TORONTO — For a moment there, as the ball left Josh Donaldson’s bat at 93-m.p.h. and soared into the right field corner, and Jose Bautista crossed home plate to cut a deficit in half, and the Blue Jays offence finally, mercifully, thrillingly appeared to be coming alive, it looked like everything might just be okay.
It wasn’t. While Bautista ran across the plate, Donaldson hop-stepped awkwardly into second, unable to put much weight on his right leg. When he got there, Donaldson bent over and massaged his right calf, the same one he injured early in spring training, the same one he tweaked on Sunday in a game against Tampa Bay, and the same one he felt was healthy enough to play on as his team began its home schedule this week.
And to his credit, Donaldson was looking like himself. After tweaking the muscle in Tampa, he was out of the lineup for only one night: the Blue Jays’ Tuesday home opener, a game the 31-year-old said he would have started if it were up to him. He even got into the contest in the ninth inning as a pinch hitter, striking out against Milwaukee Brewers closer Neftali Feliz.
And there he was the next day, back in the lineup as a designated hitter, walking twice in four plate appearances and running the bases without hesitation. After the game he said everything felt fine. He looked like—and more importantly felt like—he was through the weeds.
He played designated hitter again Thursday, and busted his tail up the line in the fourth inning after hitting a soft grounder to the left side. It even appeared that he beat the ball to the bag, although MLB video review in New York determined he was out. Donaldson didn’t show any signs of discomfort on the play and jogged back to the dugout following a brief explanation from an umpire.
But then came his third at-bat of the night—the one where he hit the laser down the right field line, charged out of the box, rounded first base confidently, and then looked like a sniper got him.
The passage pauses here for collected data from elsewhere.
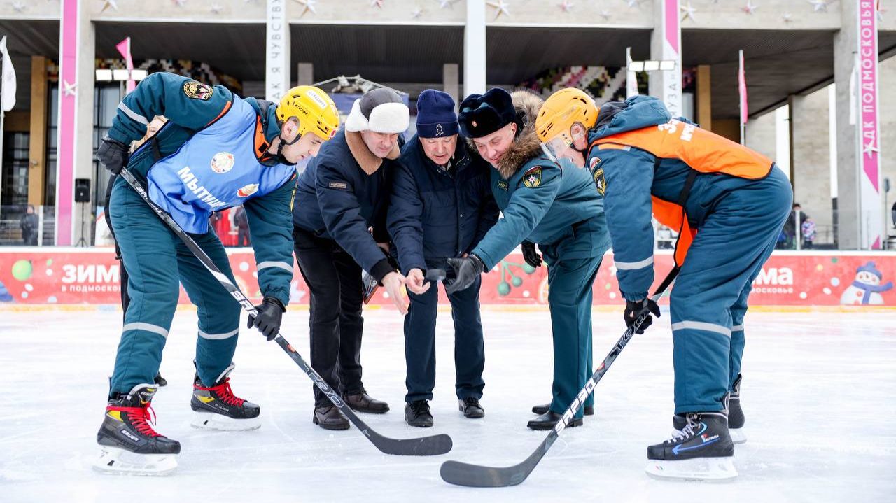 Спасатели на льду: в Мытищах прошел хоккейный матч между сотрудниками МЧС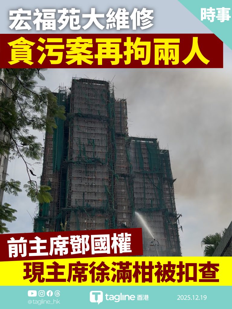 廉政公署調查大埔宏福苑大維修工程涉嫌貪污案有新進展。繼上月下旬展開全面調查後,廉署昨日(18日)再拘捕兩人,分別為宏福苑業主立案法團前主席鄧國權及現任主席徐滿柑。截至目前為止,廉署就此案已累計拘捕 14 人。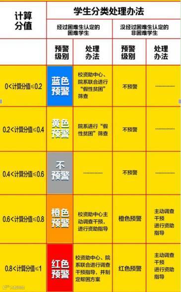这套系统是通过学生在校食堂、超市等消费情况,分析其消费水平,若计算分值在0.6左右,则属于“橙色预警”,学校资助中心会进行主动调查干预。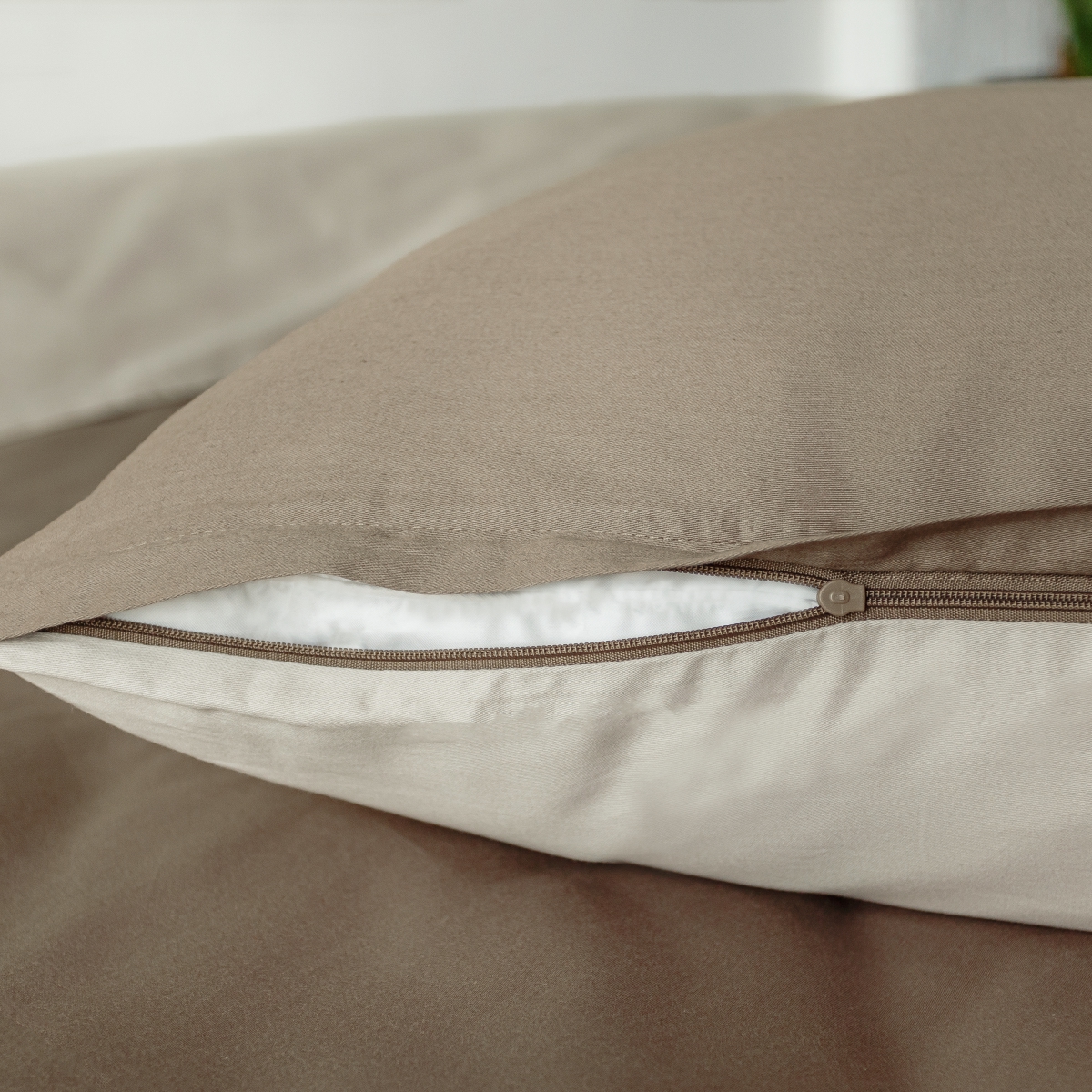 Детали: Двусторонняя наволочка размером 50х70см на молнии. Двусторонний пододеяльник на молнии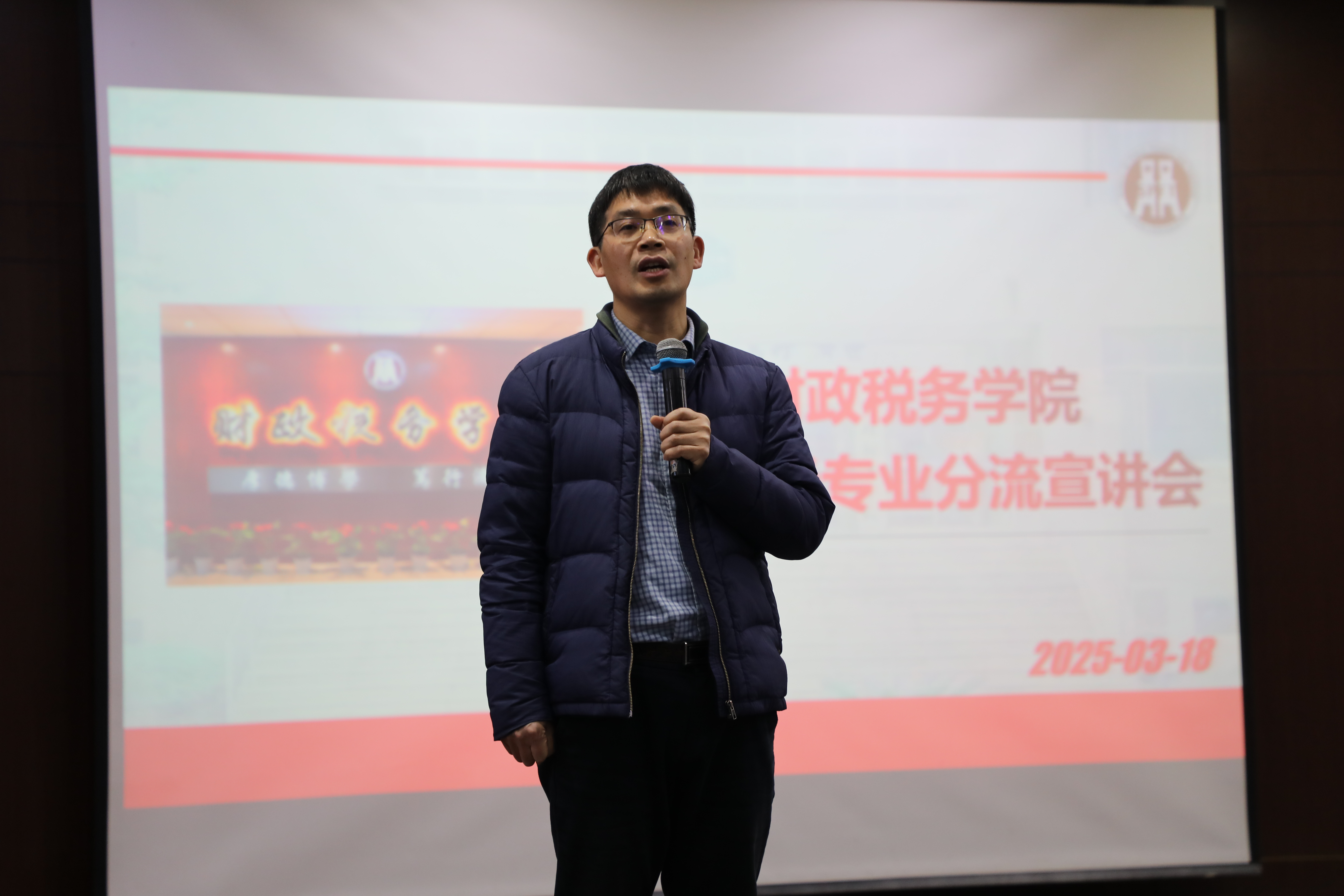 教学副院长张帆主持,财政系副主任王超、税务系主任田磊、副主任蒲龙和税务系教师郑家兴出席,2023级财政学类专业全体学生参会。

When Donaldson limped into second base, he stood on the bag for a moment, waited for time to be called, and immediately started making his way to the dugout.
Blue Jays head trainer George Poulis and manager John Gibbons jogged out to meet him, but Donaldson walked gingerly past them and directly to the Blue Jays clubhouse with little discussion.
“It’s the same calf,” a terse Gibbons said after the 2-1 loss, which dropped his team to 1-8. “There’s always concern. It’s basically the same injury. But tomorrow, after he sleeps on it overnight, we’ll have a better idea.”
Of course, Donaldson has been dealing with injuries in his right calf since early in spring training, when he suffered a strain on the outer half of the muscle while running sprints. The 2015 MVP took a very cautious, deliberate path back to game action, one he and the team hoped would eradicate the injury completely.
The tweak Donaldson suffered in Tampa on Sunday was said to be a separate ailment, this time on the inner side of his calf. Donaldson said the discomfort was far less severe, comparing the spring training injury to the sensation of someone punching him in the calf over and over again when he ran. This time he said the pain was much more manageable.
But there’s clearly something awry in the muscle, and the Blue Jays will surely think long and hard about a disabled list stint for their three-time all-star, who’s far too valuable of a player to continue playing through it.
Donaldson will no doubt be strongly resistant to that idea, as he’s played at least 155 games every season since 2013. He’s exceptionally prideful; he hates missing games. And his teammates need all the help they can get.
“Let’s hope he doesn’t, I’m going to try to be as optimistic as I can about that,” Blue Jays right-fielder Jose Bautista said about the possibility of Donaldson hitting the DL. “He’s definitely one of our biggest contributors, if not the biggest.”
Story checks out. Donaldson has been worth 16.8 wins above replacement since joining Toronto in 2015, second only to Mike Trout over that span. And he was one of the lone Blue Jays having a strong offensive 2017, carrying a 1.014 OPS into Thursday night’s game—the highest on the team by a mile.
So, losing one of the best offensive players in baseball at a time when your team is struggling mightily to produce offensively is decidedly not good. How long will he be lost? That remains to be seen.
The Blue Jays say the plan now is to see how Donaldson feels Friday morning and go from there. The third baseman sent word through a team representative that he would address the injury Friday, preferring himself to see how he feels when he wakes up. Until then, Blue Jays fingers will remain crossed.
“It’s tough,” said Blue Jays catcher Russell Martin. “He’s the kind of guy who can be a catalyst for us. He brings a lot of energy. And he does damage. He’s one of the best offensive players in the league. I see how he works and how he prepares, before he’s even in the lineup or before he’s even on the field before the eyes of the people. He works tremendously hard.
“So, it’s definitely tough to see him limp off the field like that. Hopefully it’s nothing too severe.”